Although Labrador Retrievers are more genetically diverse than most purebreds, they still come with some common canine health issues and problems. Ailments that are frequently seen among a dog breed are generally caused by a combination of the genes inherited from parents and the environment the dog grows up in, especially during early life.
Environmental factors include diet, exercise, and hormones. You can help reduce some of these negative outcomes by being aware of common health problems affect Labrador Retrievers and how to manage them.
Hip dysplasia in dogs is a common ailment for many medium to large dog breeds. It is caused by abnormal formation of the hip socket causing deterioration of the hip which can lead to canine arthritis of the joints and/or loss of function. Usually hip dysplasia doesn’t become an issue for dogs until middle or later years, but can develop as early as 5 months.
When looking for a Lab puppy request for the hip scores of the parents of the puppies. All responsible breeders should have these scores.The hip score is given by examining an X-ray of a dog 1 year or older. Each hip is given a score of 0 to 53, combined the total hip score ranges from 0 to 106.
Low scores that are even on each side scores are best. According to the British Veterinary Association/Kennel Club (BVA/KC), Labrador Retriever’s average hip score is 9, it’s ideal to have parents that are around or below this average.
Similar to hip dysplasia, except abnormal formation and deterioration occurs at the elbow joint.
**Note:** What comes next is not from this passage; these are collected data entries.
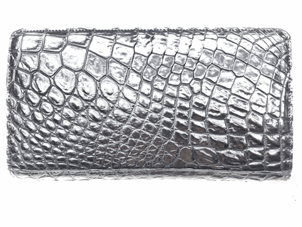 Crocodile skin wallet with one zip, made from genuine Siamese crocodile skin knee part. This is most budget model of crocodile skin wallet with zip, for manufacturing of this wallet used 4 small skins. Joints of skins made professionally. Used stainless zip, the fabric cloth on zip made same color what crocodile skin.
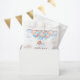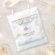A charming baby shower favor bag featuring a sweet teddy bear resting on a fluffy cloud beneath a canopy of blue and blush balloons with soft star accents. The dreamy watercolor design creates a gentle, elegant look that is perfect for packaging treats, candy, and small thank you gifts for guests. A lovely choice for a boy baby shower, teddy bear theme party, or pastel baby shower favor table.
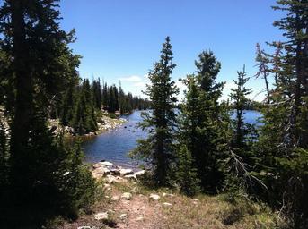Keywords: trees lake woods flora blue sky blue green leaves leafy plants landscape wild outdoors scenic nature scenery pines forest
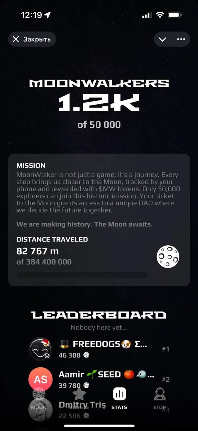 Зарабатывайте $MW за каждый метр с GPS — вместе пройти 384 400 000 м до Луны.
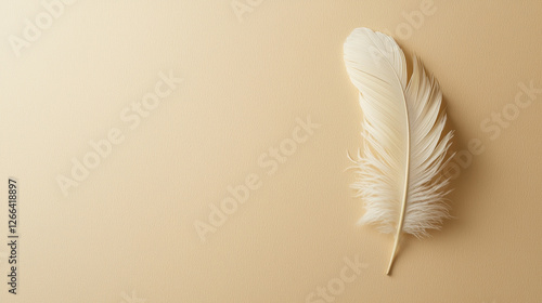 Obraz premium Single white feather on beige background -ai
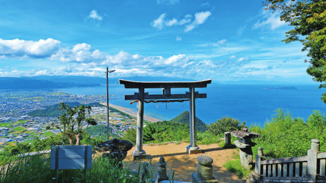 荘内半島に位置する標高352mの紫雲出山。眼下に瀬戸内海の多島美が広がる、山頂展望台からの眺めは圧巻。

Clinical signs of canine elbow dysplasia is often seen between 4 and 10 months, although late onset can occur too.
Treatment involves surgical removal of bone fragments and cartilage followed by weeks of physical therapy during recovery.
Elbow Grade gives a score between 0 and 3 based on an X-ray examination for elbow dysplasia.
According to BVA/KC, Labrador Retrievers used for breeding should have an elbow grade of 0. So this is something to be aware of when you are looking for a Lab puppy to bring home.
PRA (Progressive Retinal Atrophy) Blindness
Progressive Retinal Atrophy in dogs is a blanket term used to describe a variety of diseases that cause retinal degeneration that leads to canine blindness. The most common PRA type in Labradors is progressive rod-cone degeneration, or prcd, where the rod cells have a mutation that eventually cause them to die.
This can occur as early as 1 year or may develop later between 3 and 5 years. There are many signs but the most common include the eye appearing cloudy and changes in behavior. Most eye diseases are passed from parent to offspring, so be sure to review a recent eye exam certification of the parents before adopting your pup.
Ear infections in dogs are common for Labradors due to the intrinsic structure of their ear. The only way to manage ear infections is ensuring ear is dry after bathing and regularly checking the ear for abnormal discharge, odor, and/or redness. Common behaviors of dogs with an ear infection include: head shaking and pawing/rubbing at their ears.
Labradors are known for rapid eating which can cause dangerous gastric distention, known as bloat in dogs.
Gastric distention is swelling of the stomach and becomes fatal when the stomach rotates preventing the canines ability to vomit and puts pressure on internal organs.
There is no known genetic link of bloat and there is very little information on preventing it besides slowing the rate your dog eats and feeding on ground level.
Reducing Labrador Retriever Health Risks
Keeping your Labrador healthy can reduce the effect of many health problems, including both dysplasias. One obvious way to keep track of your Labradors weight to ensure he is in the average range. Feeding should be regular but avoid overfeeding as extra weight is bad for joints.
Exercise your Lab correctly. Labrador Retrievers have a lot of energy and do require a lot of daily exercise but during these growing months be careful. Vigorous exercise can be hard on the forming hip socket, if your Lab is under 5 months old keep the walks on the shorter side since he can get most of his exercise just playing in the yard.
When your pup is less than 3 months old avoid the use of stairs and until 12 months keep stair use to a minimum because it is hard on his forming joints.